→ PROBLEM DETAILS:
The answer must be the full listing, word for word, with no pictures in it.

→ THE DATA:
::::

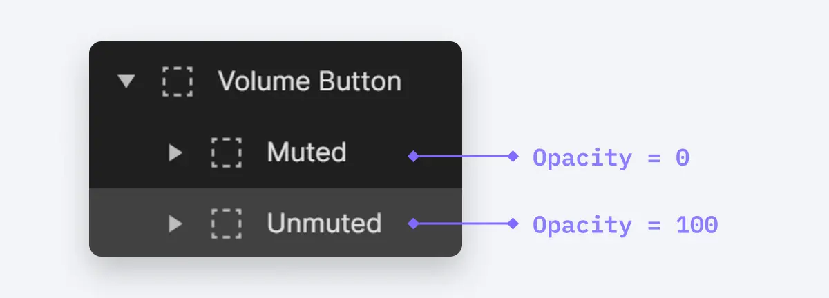 - 与我们处理播放/暂停按钮的方式类似,在“音量按钮组”内,你会看到“已静音”和“未静音”两个组。它们包含代表不同状态的图标。
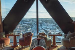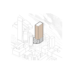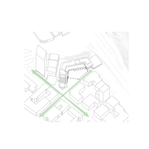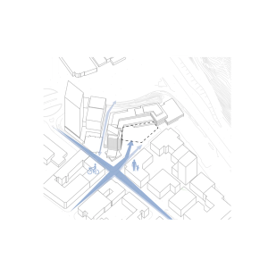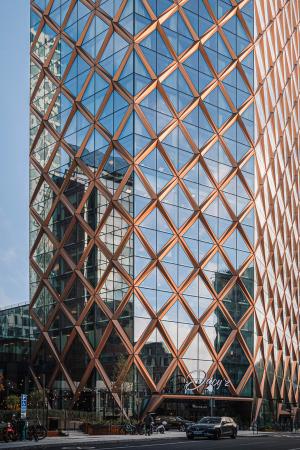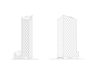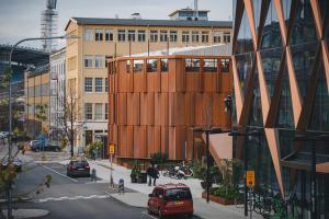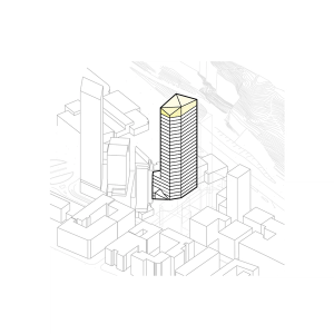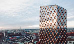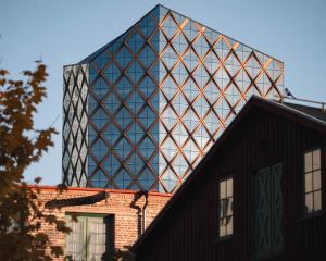 En detalj som gör huset unikt är valet av ett diamantformat glastak. Husets vinkel skapar en större vertikalitet och taket upplevs snarare som en femte fasad. Tornet skapar ett dynamiskt avslut som ger staden en ny spännande silhuett.
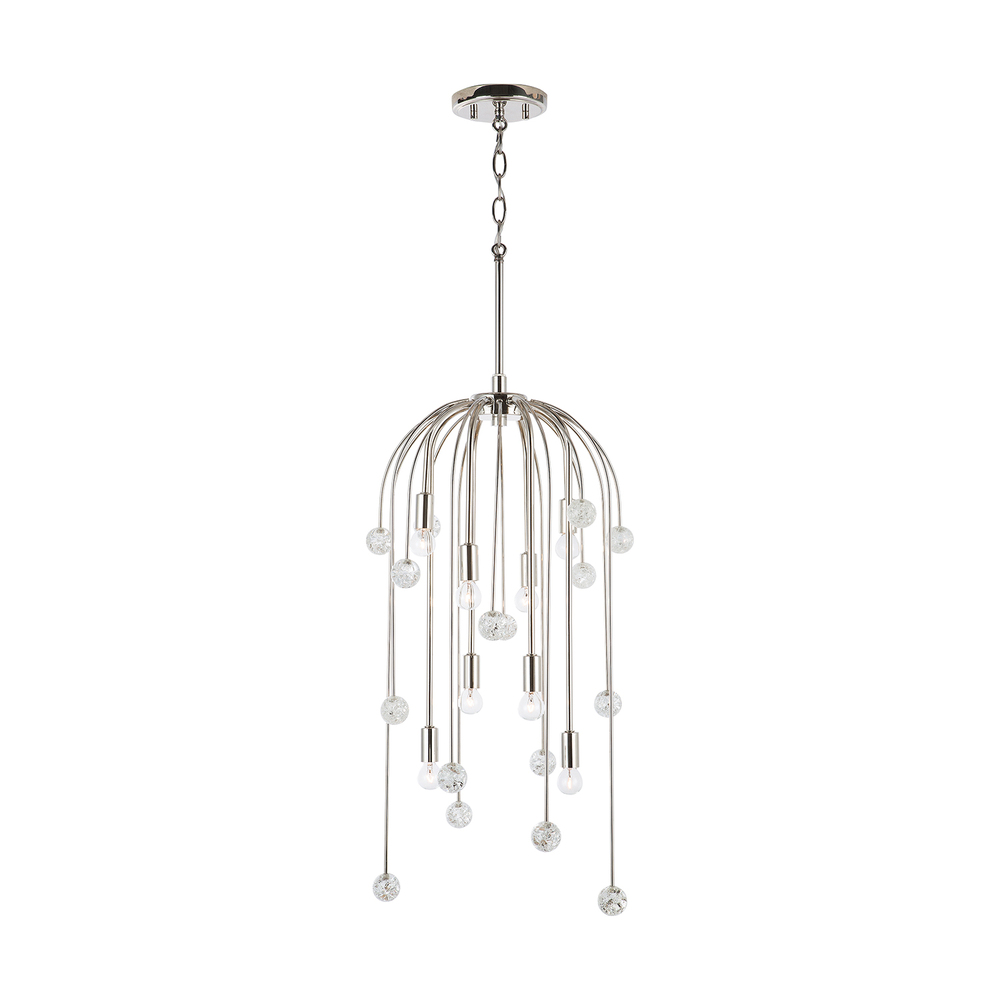 8 light pendant with Polished Nickel finish. Handcrafted Crackled Glass Adornments.

::::

→ OUTPUT BELOW:
 - 与我们处理播放/暂停按钮的方式类似,在“音量按钮组”内,你会看到“已静音”和“未静音”两个组。它们包含代表不同状态的图标。
 En detalj som gör huset unikt är valet av ett diamantformat glastak. Husets vinkel skapar en större vertikalitet och taket upplevs snarare som en femte fasad. Tornet skapar ett dynamiskt avslut som ger staden en ny spännande silhuett.
 8 light pendant with Polished Nickel finish. Handcrafted Crackled Glass Adornments.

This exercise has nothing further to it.